Raw data

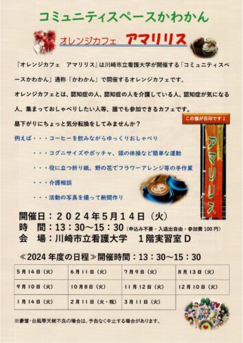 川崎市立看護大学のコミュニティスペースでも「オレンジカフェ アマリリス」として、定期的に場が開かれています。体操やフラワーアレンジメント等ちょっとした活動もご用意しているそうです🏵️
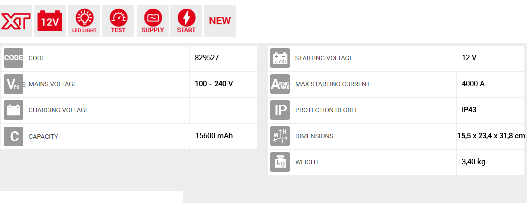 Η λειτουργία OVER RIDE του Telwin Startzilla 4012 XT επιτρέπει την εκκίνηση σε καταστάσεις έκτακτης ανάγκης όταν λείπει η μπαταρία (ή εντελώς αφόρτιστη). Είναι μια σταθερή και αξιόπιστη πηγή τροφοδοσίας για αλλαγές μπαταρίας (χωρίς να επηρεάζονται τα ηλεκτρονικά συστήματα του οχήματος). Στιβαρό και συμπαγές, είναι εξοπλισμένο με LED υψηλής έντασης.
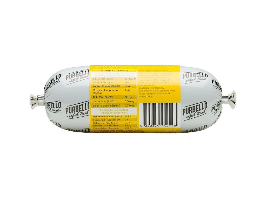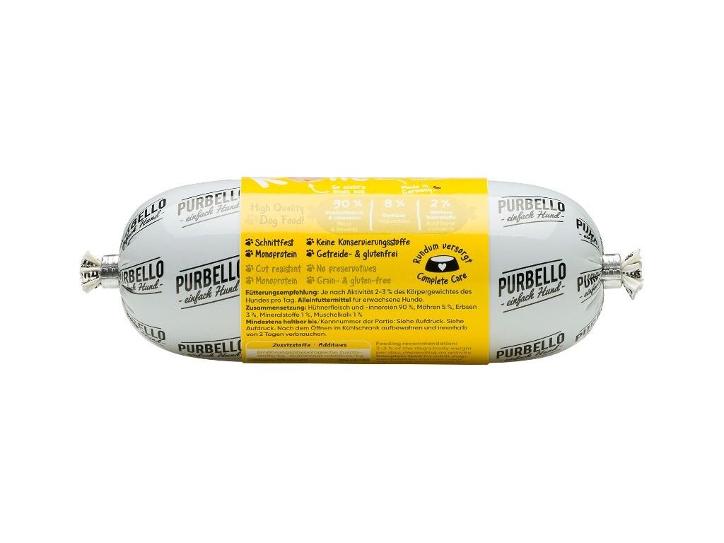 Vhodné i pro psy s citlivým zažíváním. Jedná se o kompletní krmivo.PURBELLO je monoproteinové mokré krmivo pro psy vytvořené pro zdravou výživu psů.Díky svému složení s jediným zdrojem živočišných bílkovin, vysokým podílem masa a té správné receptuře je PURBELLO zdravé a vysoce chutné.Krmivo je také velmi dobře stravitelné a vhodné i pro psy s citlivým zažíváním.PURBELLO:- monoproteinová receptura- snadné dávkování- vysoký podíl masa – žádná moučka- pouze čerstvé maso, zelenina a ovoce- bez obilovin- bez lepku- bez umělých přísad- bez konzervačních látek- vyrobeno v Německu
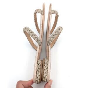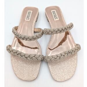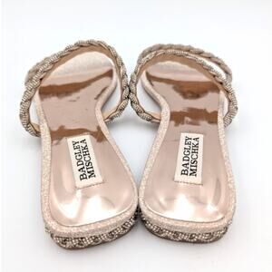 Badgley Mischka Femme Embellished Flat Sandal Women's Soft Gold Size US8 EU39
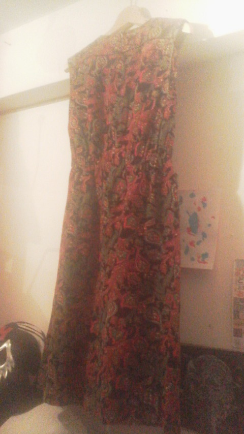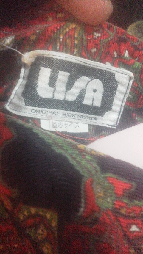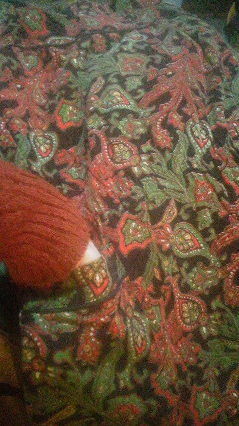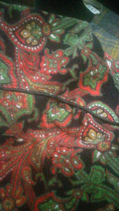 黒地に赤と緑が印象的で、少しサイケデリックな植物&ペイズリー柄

Your objective
The copy should match the records above exactly, except that pictures are dropped.

Your response
 川崎市立看護大学のコミュニティスペースでも「オレンジカフェ アマリリス」として、定期的に場が開かれています。体操やフラワーアレンジメント等ちょっとした活動もご用意しているそうです🏵️
 Η λειτουργία OVER RIDE του Telwin Startzilla 4012 XT επιτρέπει την εκκίνηση σε καταστάσεις έκτακτης ανάγκης όταν λείπει η μπαταρία (ή εντελώς αφόρτιστη). Είναι μια σταθερή και αξιόπιστη πηγή τροφοδοσίας για αλλαγές μπαταρίας (χωρίς να επηρεάζονται τα ηλεκτρονικά συστήματα του οχήματος). Στιβαρό και συμπαγές, είναι εξοπλισμένο με LED υψηλής έντασης.
 Vhodné i pro psy s citlivým zažíváním. Jedná se o kompletní krmivo.PURBELLO je monoproteinové mokré krmivo pro psy vytvořené pro zdravou výživu psů.Díky svému složení s jediným zdrojem živočišných bílkovin, vysokým podílem masa a té správné receptuře je PURBELLO zdravé a vysoce chutné.Krmivo je také velmi dobře stravitelné a vhodné i pro psy s citlivým zažíváním.PURBELLO:- monoproteinová receptura- snadné dávkování- vysoký podíl masa – žádná moučka- pouze čerstvé maso, zelenina a ovoce- bez obilovin- bez lepku- bez umělých přísad- bez konzervačních látek- vyrobeno v Německu
 Badgley Mischka Femme Embellished Flat Sandal Women's Soft Gold Size US8 EU39
 黒地に赤と緑が印象的で、少しサイケデリックな植物&ペイズリー柄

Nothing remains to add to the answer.